– Не тщись, не услышат. Я к тебе пришел напомнить о потустороннем. Больно ты зациклился на реализме. Да, "общественное выше личного" – мое. При ровном сером поле мне легче увидеть цветок противостояния. Противостояния мне.
– Бред какой-то. Противостояния – кому? Вы кто? – Мишкин вгляделся в силуэт на фоне книжных полок. Силуэт как раз и прикрывал полку с религиозными книгами. Профиль – нечто среднее между известным портретом Данте и актером Гердтом. – Кто бы вы ни были… Может, у вас там в потустороннем и нет личностей, только серое, вот вы и вгоняете нас в общую серость.
– Ты, Мишкин, пока что рассуждаешь, будто все еще строитель светлого будущего. Остановись. Впрочем, ты уже остановлен.
Силуэт повернулся фронтально, и контуры его перестали напоминать кого-либо. Гость протянул руку, и острая боль в животе заставила Мишкина приподняться.
Чтобы найти таблетку, пришлось зажечь свет. Проснулась Галя.
– Если бы ты перед сном сделала мне укол, тогда бы еще понятно, – и Мишкин тревожно оглядел комнату.
– Ты о чем, Жень? Сделать укол?
– Да нет, я таблетку принял.
– Больно? А ты на работу хочешь!
– Опять за свое?! Не больно мне. Не боль-но! И прекрати об этом раз и навсегда! Вот черта на тебя нашлю, – и как-то скрипуче засмеялся.
– Ну спи тогда. И мне дай поспать.
Мишкин еще раз оглядел комнату по всему периметру и стал поудобнее устраиваться в постели, на всякий случай отвернувшись к стенке.
* * *
Выйдя на улицу, гости остановились, неловко переминаясь с ноги на ногу. Пора было прощаться. О том, что занимало их сейчас более всего, никто не заговаривал. Да и что можно сказать? Каждому хотелось произнести что-то незначительное и откланяться.
– Борис Георгиевич! Боря, нам по пути, по-моему? – разрушил неловкое молчание Олег.
– Да Бог с тобой. Боре прямо противоположно… – Алексей осекся, почувствовав толчок локтем, и вопросительно посмотрел на Олега.
– Можешь не затыкаться так стремительно, будто ты меня подвел. Ничего страшного: я не домой. А скрывать мне не от кого. Просто привык прятаться.
Напряжение прошло, и все заторопились – кто на остановку автобуса, кто в метро, а Олег с Борисом стали ловить машину. Такси не было – наняли левака. Совсем недавно правящий генсек перевернул жизнь, сказав: разрешено все, что не запрещено. И это, пожалуй, был один из краеугольных камней развивающегося переворота. Ведь в долгие советские времена было ровно наоборот: запрещено все, что не разрешено.
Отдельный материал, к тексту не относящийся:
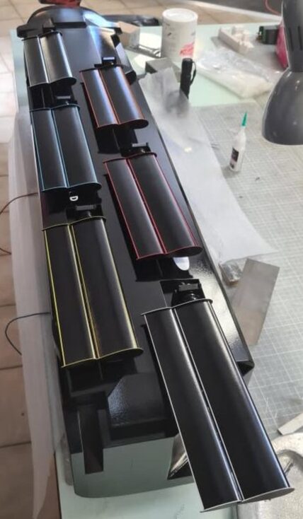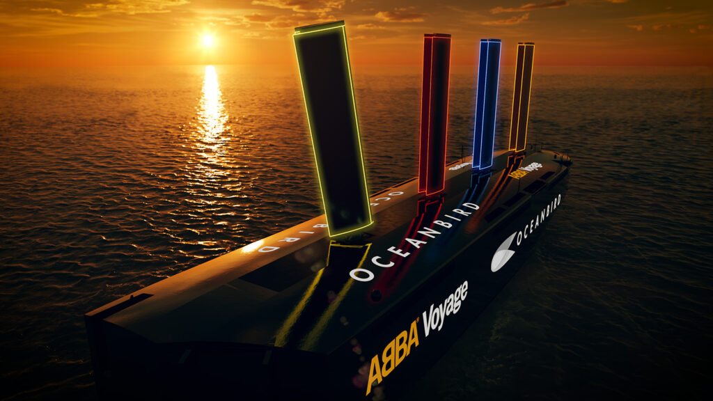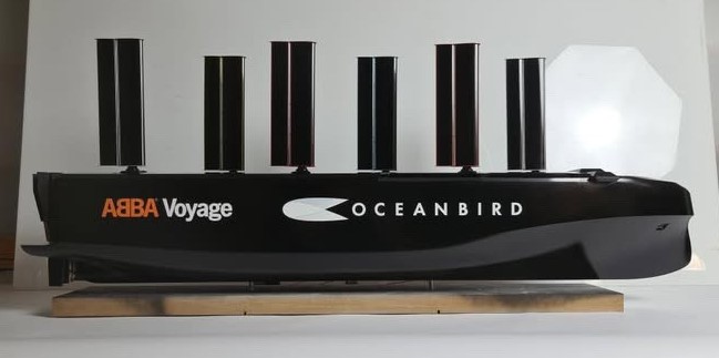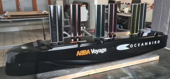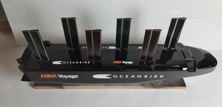 Konceptmodell av ett skepp med fällbara metallsegel.
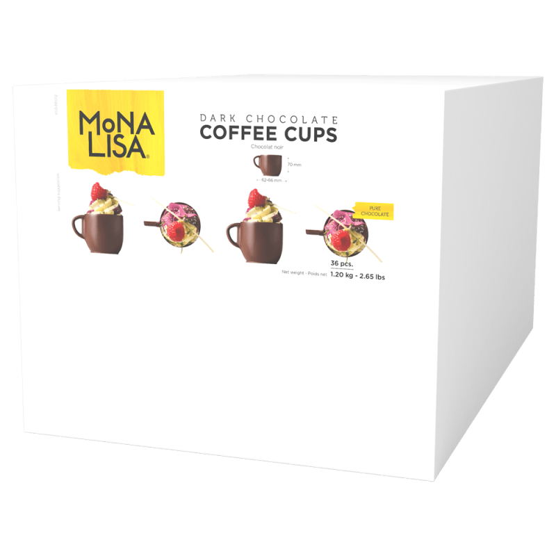 Our small Dark Chocolate Espresso Cups (L: 56, W: 44, H:21mm) are the perfect base to create decadent finger desserts. Their shape is optimal for dark origin chocolate mousses, coffee creams, and tiramisu or praline crèmes for ultimate richness.

В результате машины стали останавливаться, не больно-то оглядываясь на блюстителей… Неизвестно чего – блюстителей.
– Ну что, профессор, опять едешь кого-то лечить?
Олег засмеялся:
– А что? Я свободный человек. Ученый в свободном поиске.
– Да ничего. Я в порядке научного интереса.
– Могу поделиться опытом.
– Обхожусь. Тем более, насколько я знаю, наши научные интересы лежат в разных плоскостях. Ты ведь не пьешь?
– Да нет. Если надо, могу. Можем заехать купить по дороге.
– Купить?! Разгулялся. Забыл, где живешь?
– Забыл, брат, забыл. Только не где, а когда. Дело не в месте. Но вот времечко…
– Да, идиотство полное. Хоть наш Мишкин и за.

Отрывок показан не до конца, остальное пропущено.